Of course, the main purpose of this Instructable is to show you how to build a print server that will allow you to untether your 3D printer from your computer. You will be able to launch prints directly from your phone, no computer required.
Remote Printer Control
By the time you complete this tutorial, you will be able to control your 3D printer remotely, from a phone, tablet, or remote computer. The AstroPrint software we will be using allows you to move your printer, extrude filament, adjust extruder and bed temperature, and actuate the fans.

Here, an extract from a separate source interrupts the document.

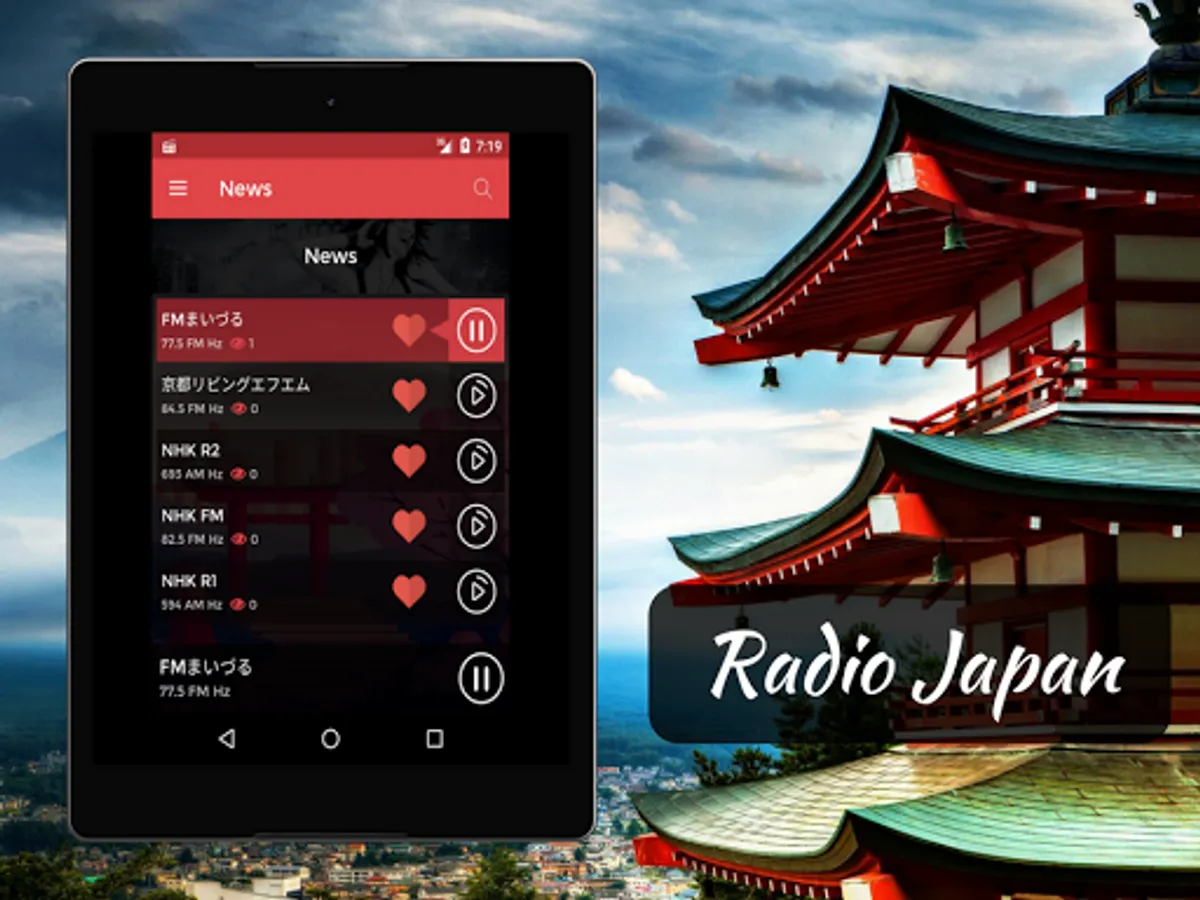 Don’t miss all the radio stations that this amazing app brings to you, there are more than 100 radios FM and AM from japan.

The most powerful feature of AstroPrint, and the one that sets it apart from other software, is the AstroPrint cloud slicing service. With other similar software, like OctoPrint, on which AstroPrint is based, you still need a computer with slicing software to prepare 3D printing files. The 3D print server we will build in this Instructable will allow you to go from STL 3D models, to launching print jobs, without any need for a computer at all. You can do everything from your phone.
By connecting a webcam to the DIY AstroBox, you will be able to see your 3D printer from afar and monitor its progress. The AstroBox software can also automatically create time-lapse videos of your prints.
3D Printer Compatibility
The 3D print server we will build in this Instructable will work with most 3D printers. Basically, any 3D printer that uses non-proprietary host software will work. So, any 3D printer that uses Repetier, Cura, or other community-driven host software will work. The AstroPrint software we will install on the Raspberry Pi will replace this software.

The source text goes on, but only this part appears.